Anavex2-73 has shown some evidence of efficacy in early clinical trials of other neurological diseases, namely Rett syndrome and Parkinson’s disease dementia. Later-stage clinical studies of the medication in Rett syndrome and Alzheimer’s disease are ongoing.

“Continued findings from these clinical studies with blarcamesine, combined with the presented data strengthens the rationale for potentially a dependable and effective treatment strategy for FXS and other neurological disorders targeting the S1R with blarcamesine,” the researchers wrote.

Anavex is planning a Phase 2/3  clinical trial to test the investigational therapy in people with fragile X, it announced in a press release.

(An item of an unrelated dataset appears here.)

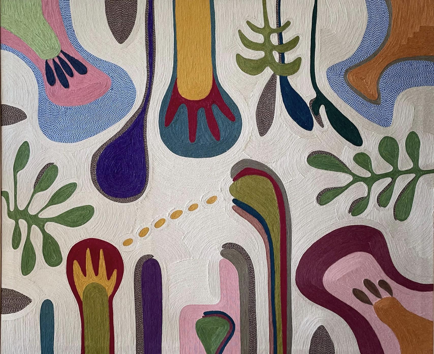 Quant aux thèmes, ils s'imposent d'eux-mêmes : des motifs floraux argentins comme les fleurs de cardon, des souvenirs de voyage et autres impressions de soleil levant, avec quelquefois des inspirations aborigènes. «J'aime aussi les paysages de montagne, mais à part mon tableau, Himalaya, dédié à la panthère des neiges, toute présence humaine ou animale est bannie de mon travail. Celui-ci est entièrement dédié à la nature, mystérieuse, belle et sauvage.»

“We are intrigued about the clear preclinical data providing potential to expand the therapeutic profile of Anavex2-73 … into Fragile X Syndrome,” said Christopher Missling, PhD, president and CEO of Anavex. “We look forward to initiating a double-blind, placebo-controlled Phase 2/3″ study in patients.

“Testing novel drugs that can safely improve the symptoms of Fragile X Syndrome is a high priority,” added Walter Kaufmann, Anavex’s chief medical officer and a study author. “The present findings support the viability of SIGMAR1 as a therapeutic target in Fragile X Syndrome, and the clinical potential” of Anavex2-73 in the disorder.